Gürcan Banger
Bir Şeyler Elden Gidiyor mu?
“Din elden gidiyor”, bu coğrafyanın tarihinde toplumun inançlı kesimini, değişiklikten yana olanlarla karşı karşıya getirmek için kullanılan bir slogan olmuştur. Dinin, dünyanın sosyo-ekonomik yönden gelişmiş herhangi bir yerinde ‘elden gittiği görülmüş müdür’ duymadım, okumadım ama statükoyu devam ettirip yeniliğin önüne geçmenin yollarından biridir bu. Dinin elden gitmesinin kardeşi ise ‘ahlâkın elde gitmesidir.’ Medyada sıklıkla izlediğimiz, töreye dayalı kadına yönelik şiddetinin temel dayanaklarından biridir ahlâkın elden gidişi. İstatistiklere bakılırsa; ahlâkın kendi başına bir yere gittiği de yoktur. Toplum nereye giderse ahlâk da birlikte oraya gider. İleride veya geride kimseyi bırakmaz.
Bir de; “Biz, adam olmayız” meselesi var. Aslında bu söyleyiş, “Siz, adam olmasınız ama iyi ki ben varım” anlamına gelmek üzere söylenir. İnatla ve ısrarla ima ederek adam olmayacakların içinden kendimizi, tereyağından kıl çeker gibi ayırırız.

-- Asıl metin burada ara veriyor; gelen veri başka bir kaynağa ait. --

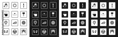 Set Shock absorber, Car mirror, door, Auto service check automotive, key with remote, tire wheel, Alloy for car and Tire pressure gauge icon. Vector

Adam olmayacağımız konusundaki sloganın bir değişik versiyonu, “Bu millet, adam olmaz” iddiasıdır. Bu ‘motto’ uyarınca millet, adam olmayacağından onların adamlaşmasını sağlayacak mekanizmalara ihtiyaç vardır. Gayet iyi bildiğiniz gibi, adam etmenin en etkili araçlarından biri sopadır. Bu nedenle milletten daha akıllı olan iktidarın her zaman eli sopalı olmuştur; “Ben sizin babanızım” der ve gereğinde de döver. Bazen ‘eli sopalılar’ tatile girmiş gibi görünmekle birlikte, ‘devletin bekası’ tehlikeye girdiğinde en kısa süre içinde yine ortaya çıkacaklarına hiç kuşku yoktur.
İlkelerimizin günü birlik olduğunu ifade eden, bir büyüğümüze ait olan “Dün dündür, bugün bugündür” sözünü bilirsiniz. Bu özdeyişin fazlasıyla doğrulandığı bir örneği, geçmişte muhalefette olan bir partinin iktidara gelmesi durumunda gözleriz. Ya verilen sözler unutulur, ya da söylenenlerin tam aksi yapılır. Geçmişte verilen sözleri kimse hatırlamaz ama hatırlatılsa bile dün, dünde kalmıştır.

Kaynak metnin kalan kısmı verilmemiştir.